* **Required work**:
Repeat the records below exactly from the line containing "Vanochtend weer actief" to the line containing "High waisted pants", taking in both of those lines. Drop the pictures.

─── Entries supplied ───

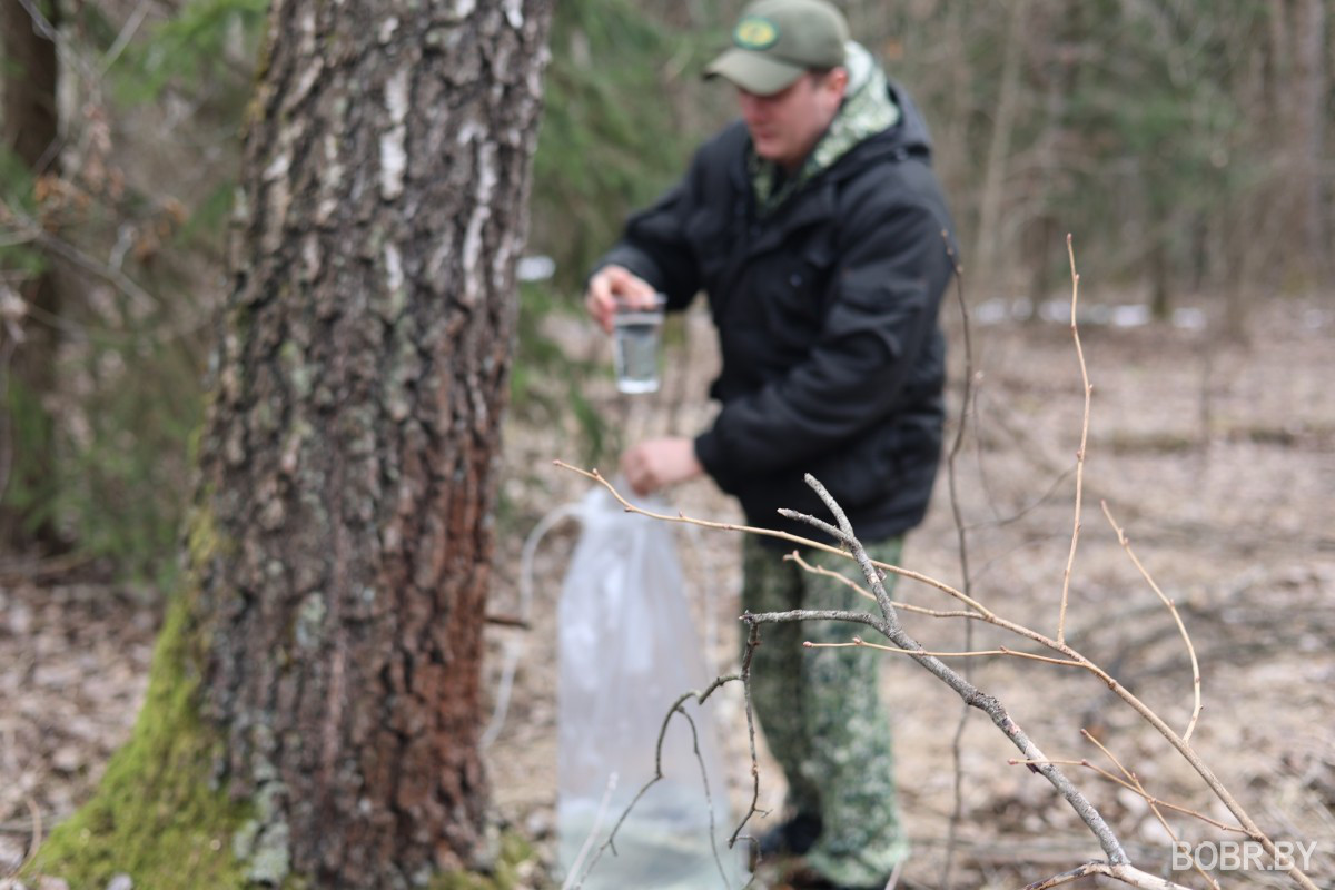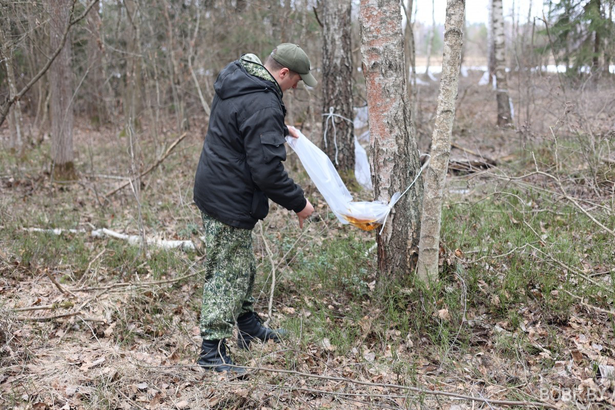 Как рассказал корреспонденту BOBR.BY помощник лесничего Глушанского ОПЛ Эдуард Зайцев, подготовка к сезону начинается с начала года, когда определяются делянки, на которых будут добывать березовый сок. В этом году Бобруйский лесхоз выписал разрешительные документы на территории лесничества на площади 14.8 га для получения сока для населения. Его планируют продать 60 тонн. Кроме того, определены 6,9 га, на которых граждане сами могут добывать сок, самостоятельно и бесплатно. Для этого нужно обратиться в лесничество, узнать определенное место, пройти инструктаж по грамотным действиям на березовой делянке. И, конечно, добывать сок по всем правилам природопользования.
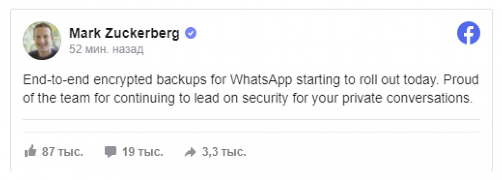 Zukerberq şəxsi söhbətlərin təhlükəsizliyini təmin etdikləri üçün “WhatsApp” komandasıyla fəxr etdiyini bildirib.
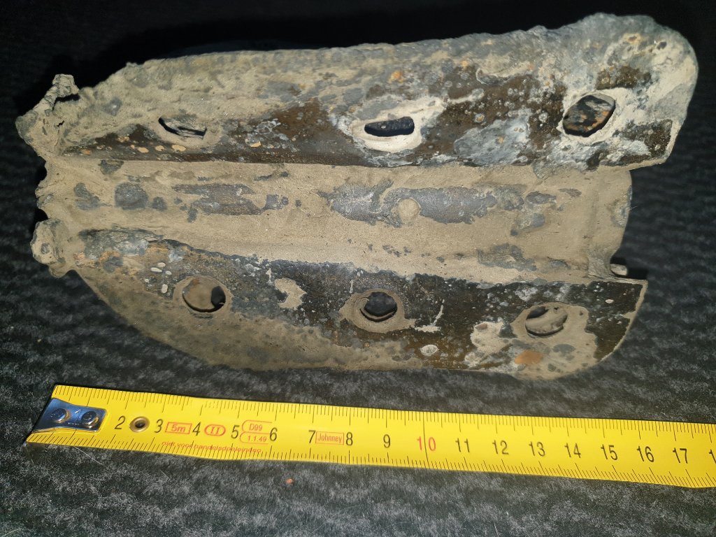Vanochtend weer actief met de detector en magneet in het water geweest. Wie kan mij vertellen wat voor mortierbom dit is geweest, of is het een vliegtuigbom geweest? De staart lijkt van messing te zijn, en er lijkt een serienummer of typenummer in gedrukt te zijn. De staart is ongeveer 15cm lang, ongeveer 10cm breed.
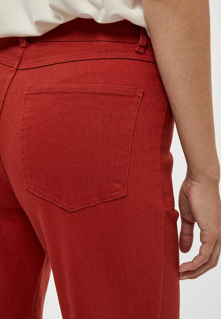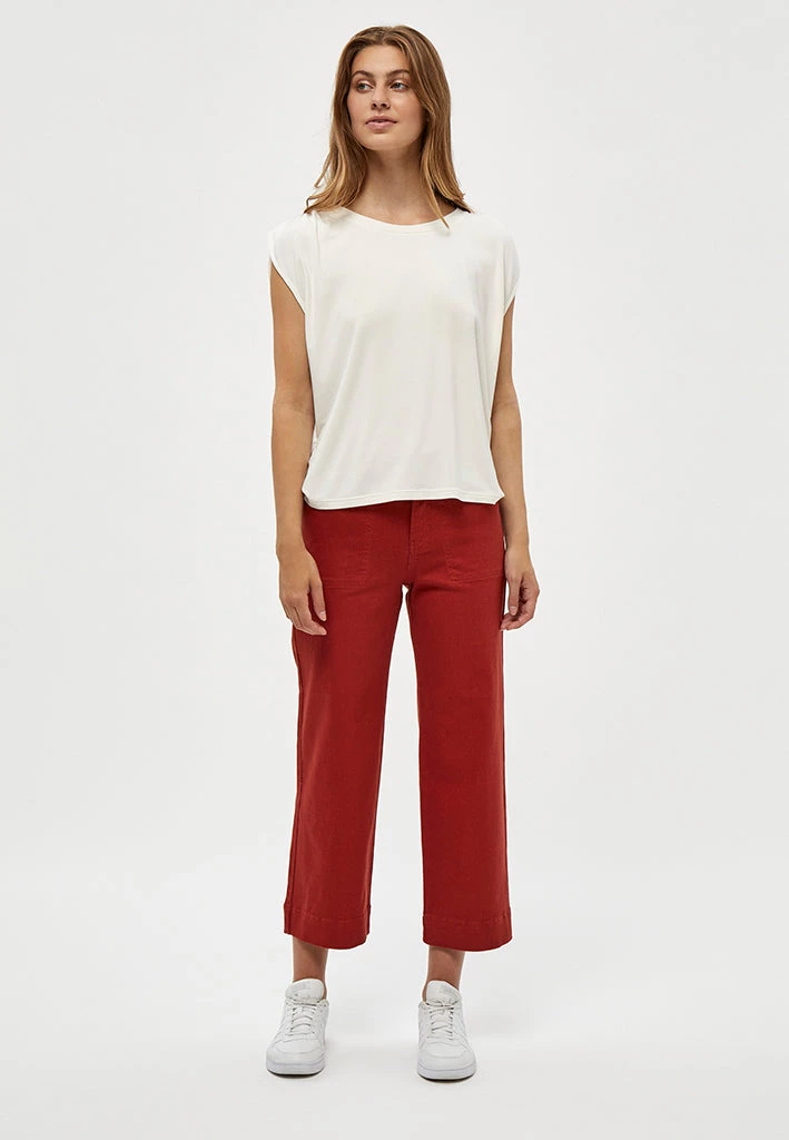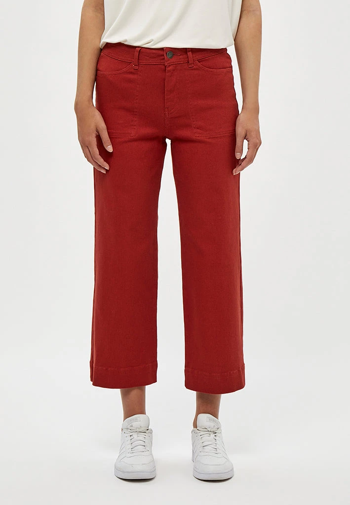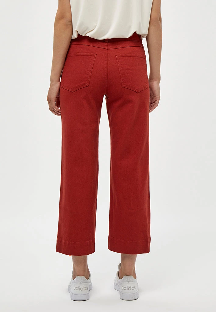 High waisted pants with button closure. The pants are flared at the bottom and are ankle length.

───
─── Entries supplied ───

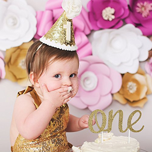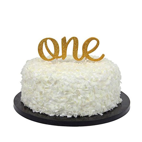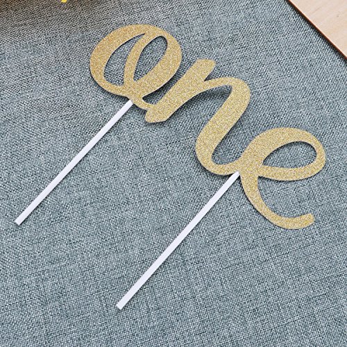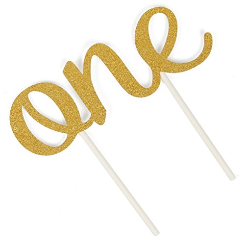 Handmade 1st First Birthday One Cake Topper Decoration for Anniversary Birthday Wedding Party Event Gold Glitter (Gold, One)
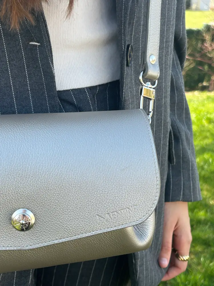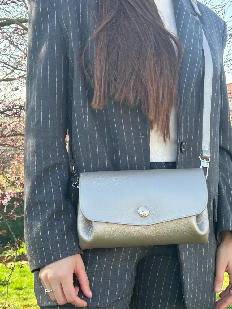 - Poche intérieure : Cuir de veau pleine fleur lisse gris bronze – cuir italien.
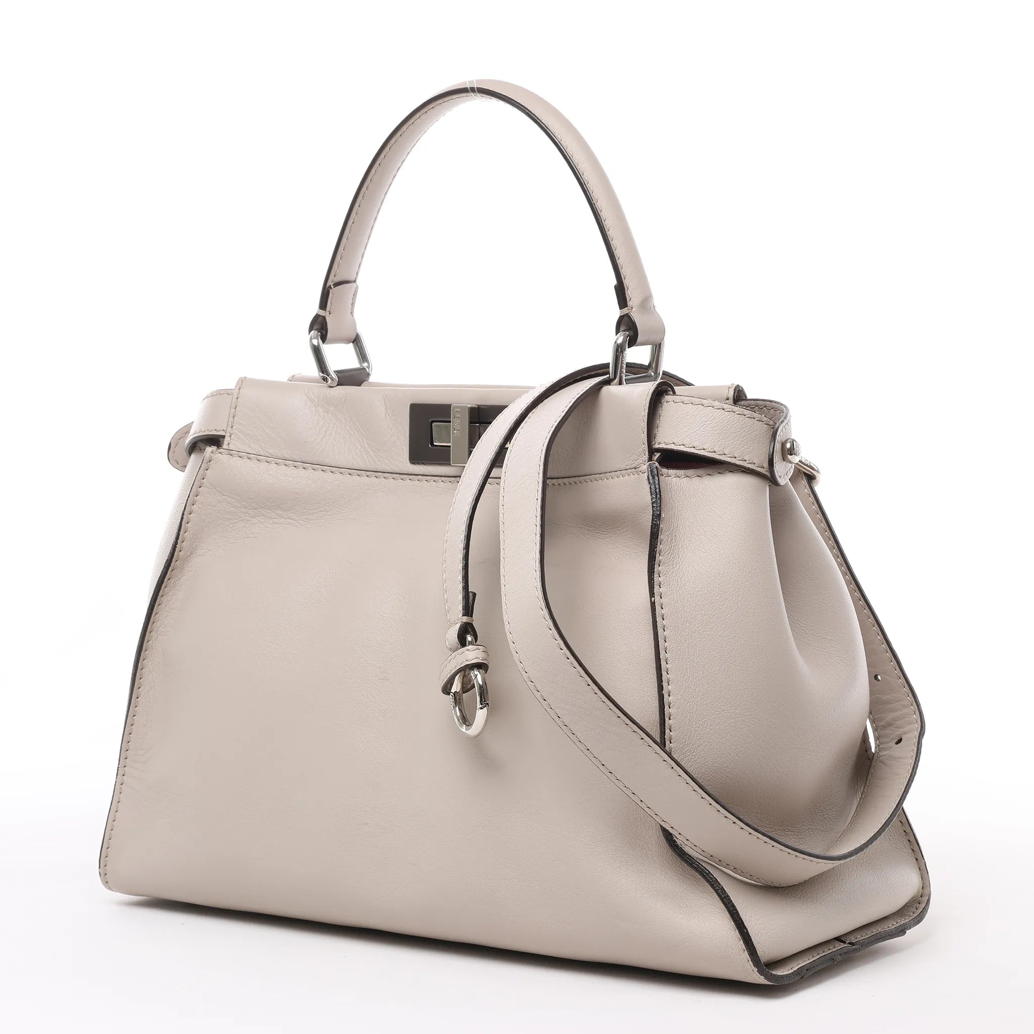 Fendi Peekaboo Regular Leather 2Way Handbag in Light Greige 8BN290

───

* **Exercise result**:
Vanochtend weer actief met de detector en magneet in het water geweest. Wie kan mij vertellen wat voor mortierbom dit is geweest, of is het een vliegtuigbom geweest? De staart lijkt van messing te zijn, en er lijkt een serienummer of typenummer in gedrukt te zijn. De staart is ongeveer 15cm lang, ongeveer 10cm breed.
 High waisted pants with button closure. The pants are flared at the bottom and are ankle length.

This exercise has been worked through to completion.